In 1965, Ro Bognor and Merle Thornton chained themselves to the bar of a Brisbane hotel to protest the fact that public bars were men-only zones. Women belonged in the ladies lounge. What has this got to do with the Gospel of Mark?
A post-colonial feminist reading of Mark indicates that it too is, to a significant extent, a ‘men-only zone’. It could be said that this reflects the culture of the time in which Jesus lived – except that the purpose of the Gospel is to proclaim a new way, the Kingdom of God, in which the abundance of God reaches all.
Connolly writes, “No Australian woman today needs to stake her independence on walking into the public bar and ordering a beer. However, any woman walking innocently into the opening chapter of Mark needs to recognise the environment as being profoundly male-marked as was the Queensland public hotel bar - invaded by Bognor and Thornton.”
Connolly is a committed Australian Christian feminist and her gift in this book is to illuminate the Gospel by drawing analogies from significant moments in Australia’s history. Central to her analysis is the fact that the world of Jesus and our world both claim imperial-colonial origins.
The women who came to Australia on the First Fleet (and on successive fleets) are presented as grim examples of the limited, stereotyped and largely voiceless lives of women in imperial-colonial societies.

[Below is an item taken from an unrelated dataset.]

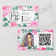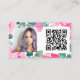 Aquarelle couleur rose et vert gras couleur cheveux maquillage photo logo qr code avec un script brossé typographie ajoutez votre photo d'entreprise. Ajoutez vos médias sociaux. Avec une police de script de signature élégante, toutes les couleurs sont modifiables, ajoutez votre logo. Avec de jolies fleurs roses et une aquarelle botanique verte feuillue.

Connolly is scathing in her assessment of the Anzac Legend saying: “The Anzac figure is a sexist, imperialist fiction. Despite the reality of the contribution that Australian women made to the war effort, the Anzac Legend celebrates the male only. It takes a post-colonial feminist critique to discern this.”
There is so much more, and yet, the Lochinvar Josephite Sister concludes that in spite of this, the resurrection is promised to all – women and men.
Michele A Connolly rsj, Disorderly Women and the Order of God: An Australian Feminist Reading of the Gospel of Mark, Bloomsbury London 2018.